BEGIN Records to use

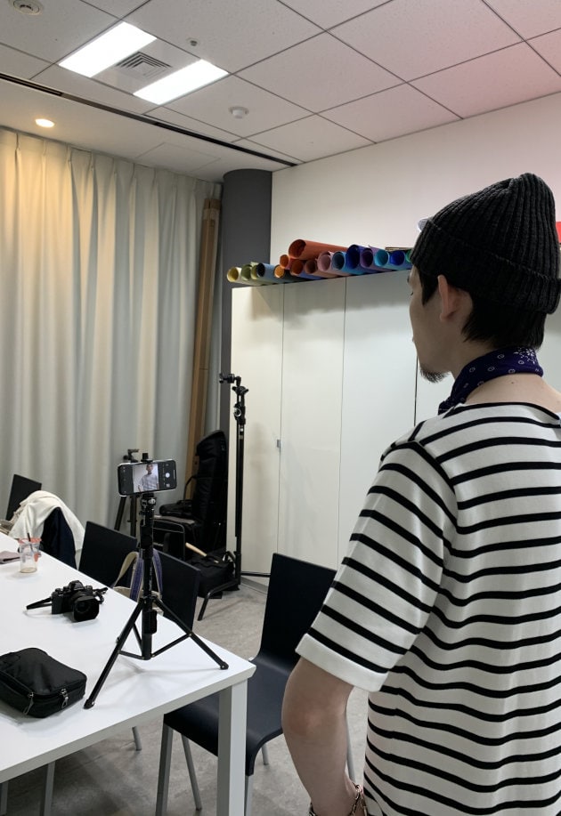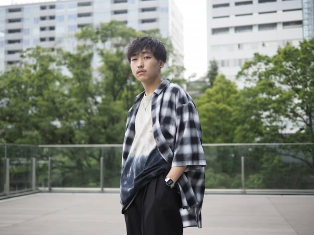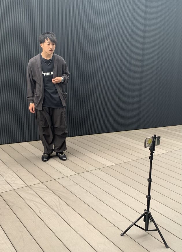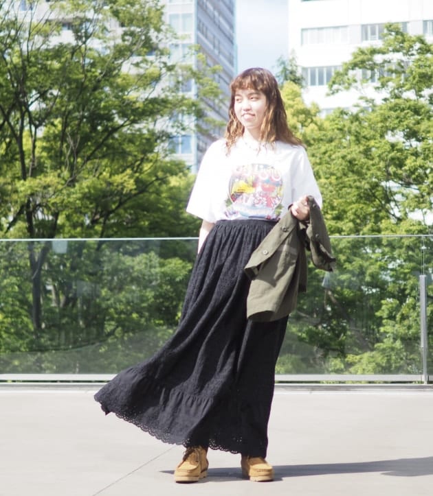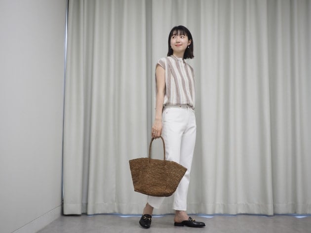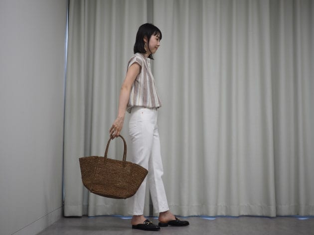 足元は、ホワイトのスニーカーで、カジュアル感&クリーンさも演出。
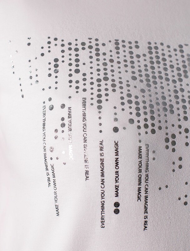 Стильная базовая футболка черного цвета с серебристым принтом фольгой выполнена из плотного хлопка с эластаном для комфортной посадки на любую фигуру. Прямая футболка классического кроя с круглым вырезом, прекрасно подходит для разных типов фигуры, в том числе и на большие размеры. Мягкость хлопка вместе с небольшой долей эластана гарантирует идеальную посадку и свободу движений. Легкая натуральная дышащая ткань премиального качества делает футболку с коротким рукавом идеальным вариантом для повседневной носки дома, на работу или офис. Однотонная футболка дополнена авторским аккуратным принтом с изображением леопарда, который придает праздничный и элегантный вид без лишней вычурности. Блестящий анималистичный принт аккуратно украшает, добавляя изысканный акцент и создавая легкий мерцающий эффект.
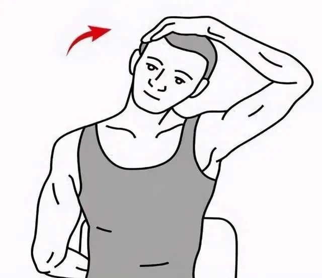 单手斜抱头顶,缓慢向左或右拉伸脖颈。注意切勿太过用力。
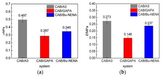 Figure 6 shows the tensile strengths (σ), Young’s moduli (E) and strains at break (ε) of the three CAB/plasticizer systems measured experimentally. The stress-strain curves of CAB/plasticizer systems were measured firstly and the values of σ, E and ε were calculated from the first linear part of the stress-strain curves (elastic domain), respectively.
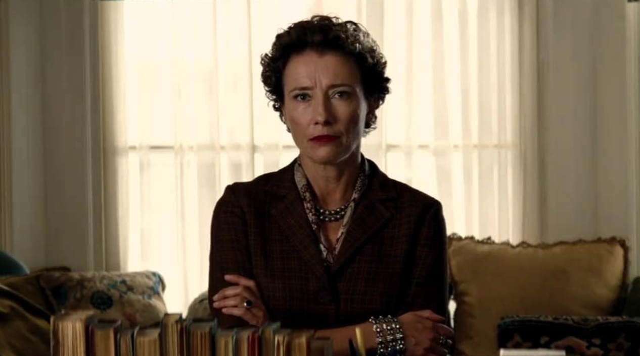 Emma Thompson has the thankless task of playing British novelist P.L. Travers, whose fierce temperamental nature comes through in little things she says and does while being hosted by Walt in Los Angeles in order to collaborate on the screenplay and music for his planned film production of “Mary Poppins.”
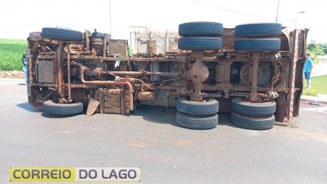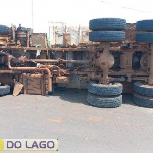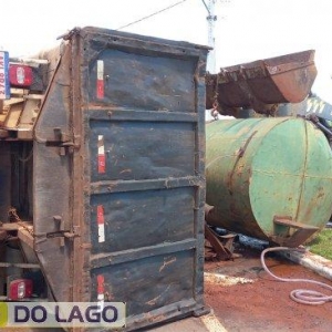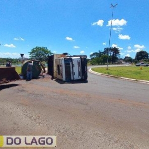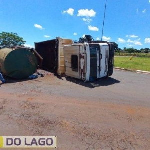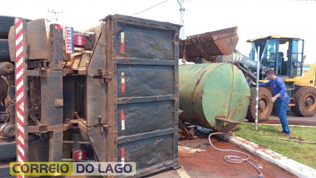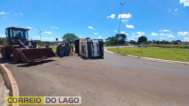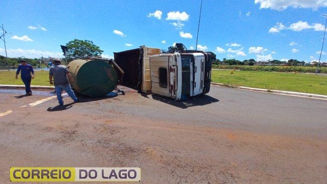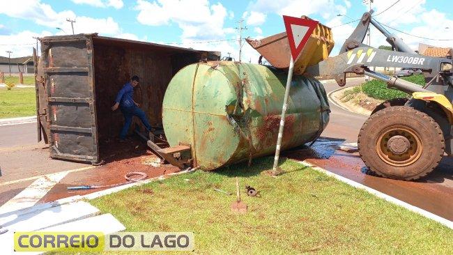 Um caminhão que transportava um tanque acabou tombando na rotatória, após o equipamento se desprender do veículo durante a manobra.
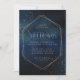 Este convite de aniversário de galáxia aérea é perfeito para uma pessoa moderna e caprichosa. A design apresenta uma galáxia azul-marinho escura com estrelas e uma estrutura geométrica dourada.
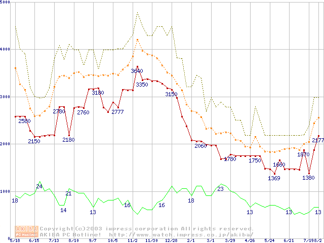 メモリ主要製品の最安値推移
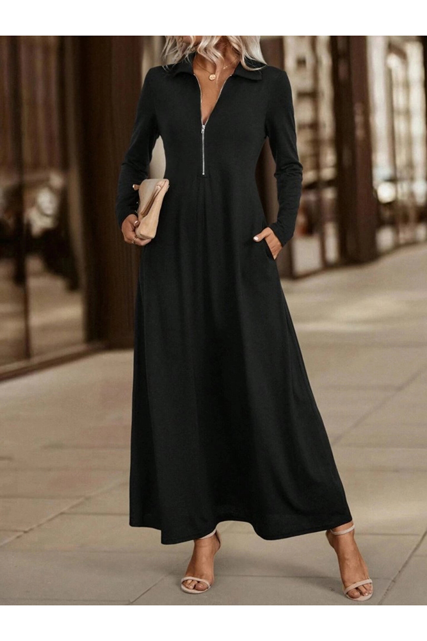 Kadın Uzun Kollu Yakalı önden Fermuarlı Uzun Viskon Iki Iplik Elbise
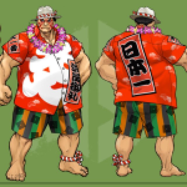 Street Fighter 6のE. Hondaの衣装3は彼の休暇服です。彼のシャツには、相撲に関連する日本の表現があります。彼の背中と右肩には、「ニッポン・イチ」または「日本最高」と書いています。彼のシャツの前には、「すべての座席が販売されている、ありがとう」に翻訳される標識があります。これは、座席が残っていないときに、相撲ホールのバナーに書かれています。彼の左肩には「Shoubu Ari」があります。これは、「私たちには勝者がいる」と同様に、試合が終わったときに叫ばれます。彼の帽子と足首の周りの赤と白(コウハク)のコード(ミズヒキ)は幸運の象徴です。
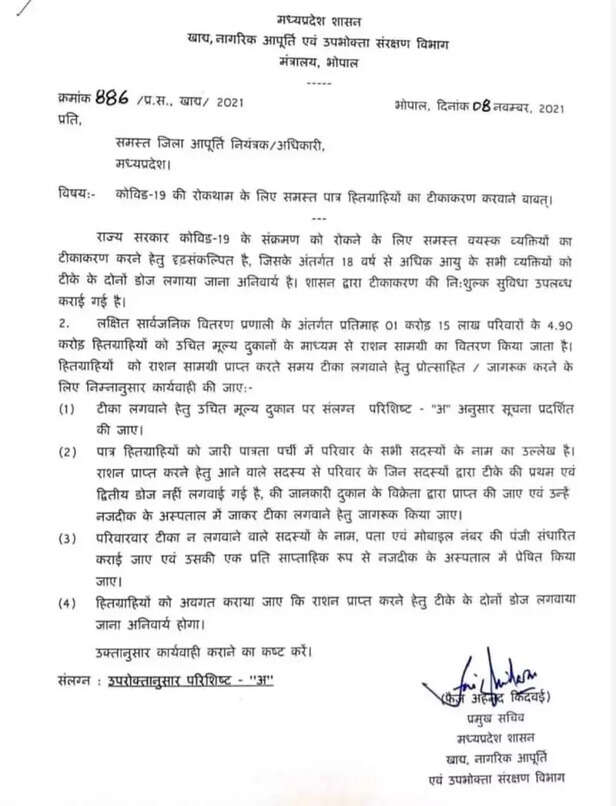 इस संबंध में खाद्य एवं नागरिक आपूर्ति विभाग, मध्य प्रदेश सरकार ने 8 नवंबर को एक आदेश भी जारी किया है। प्रमुख सचिव फैज अहमद किदवई ने अपने इस हस्ताक्षरित आदेश में कहा है कि पीडीएस दुकानदार राज्य में एक करोड़ 15 लाख परिवारों के सभी योग्य सदस्यों का टीकाकरण सुनिश्चित करें।

END Records to use

About this task:
Without including any pictures, reproduce the data exactly.

Answer to the exercise:
 足元は、ホワイトのスニーカーで、カジュアル感&クリーンさも演出。
 Стильная базовая футболка черного цвета с серебристым принтом фольгой выполнена из плотного хлопка с эластаном для комфортной посадки на любую фигуру. Прямая футболка классического кроя с круглым вырезом, прекрасно подходит для разных типов фигуры, в том числе и на большие размеры. Мягкость хлопка вместе с небольшой долей эластана гарантирует идеальную посадку и свободу движений. Легкая натуральная дышащая ткань премиального качества делает футболку с коротким рукавом идеальным вариантом для повседневной носки дома, на работу или офис. Однотонная футболка дополнена авторским аккуратным принтом с изображением леопарда, который придает праздничный и элегантный вид без лишней вычурности. Блестящий анималистичный принт аккуратно украшает, добавляя изысканный акцент и создавая легкий мерцающий эффект.
 单手斜抱头顶,缓慢向左或右拉伸脖颈。注意切勿太过用力。
 Figure 6 shows the tensile strengths (σ), Young’s moduli (E) and strains at break (ε) of the three CAB/plasticizer systems measured experimentally. The stress-strain curves of CAB/plasticizer systems were measured firstly and the values of σ, E and ε were calculated from the first linear part of the stress-strain curves (elastic domain), respectively.
 Emma Thompson has the thankless task of playing British novelist P.L. Travers, whose fierce temperamental nature comes through in little things she says and does while being hosted by Walt in Los Angeles in order to collaborate on the screenplay and music for his planned film production of “Mary Poppins.”
 Um caminhão que transportava um tanque acabou tombando na rotatória, após o equipamento se desprender do veículo durante a manobra.
 Este convite de aniversário de galáxia aérea é perfeito para uma pessoa moderna e caprichosa. A design apresenta uma galáxia azul-marinho escura com estrelas e uma estrutura geométrica dourada.
 メモリ主要製品の最安値推移
 Kadın Uzun Kollu Yakalı önden Fermuarlı Uzun Viskon Iki Iplik Elbise
 Street Fighter 6のE. Hondaの衣装3は彼の休暇服です。彼のシャツには、相撲に関連する日本の表現があります。彼の背中と右肩には、「ニッポン・イチ」または「日本最高」と書いています。彼のシャツの前には、「すべての座席が販売されている、ありがとう」に翻訳される標識があります。これは、座席が残っていないときに、相撲ホールのバナーに書かれています。彼の左肩には「Shoubu Ari」があります。これは、「私たちには勝者がいる」と同様に、試合が終わったときに叫ばれます。彼の帽子と足首の周りの赤と白(コウハク)のコード(ミズヒキ)は幸運の象徴です。
 इस संबंध में खाद्य एवं नागरिक आपूर्ति विभाग, मध्य प्रदेश सरकार ने 8 नवंबर को एक आदेश भी जारी किया है। प्रमुख सचिव फैज अहमद किदवई ने अपने इस हस्ताक्षरित आदेश में कहा है कि पीडीएस दुकानदार राज्य में एक करोड़ 15 लाख परिवारों के सभी योग्य सदस्यों का टीकाकरण सुनिश्चित करें।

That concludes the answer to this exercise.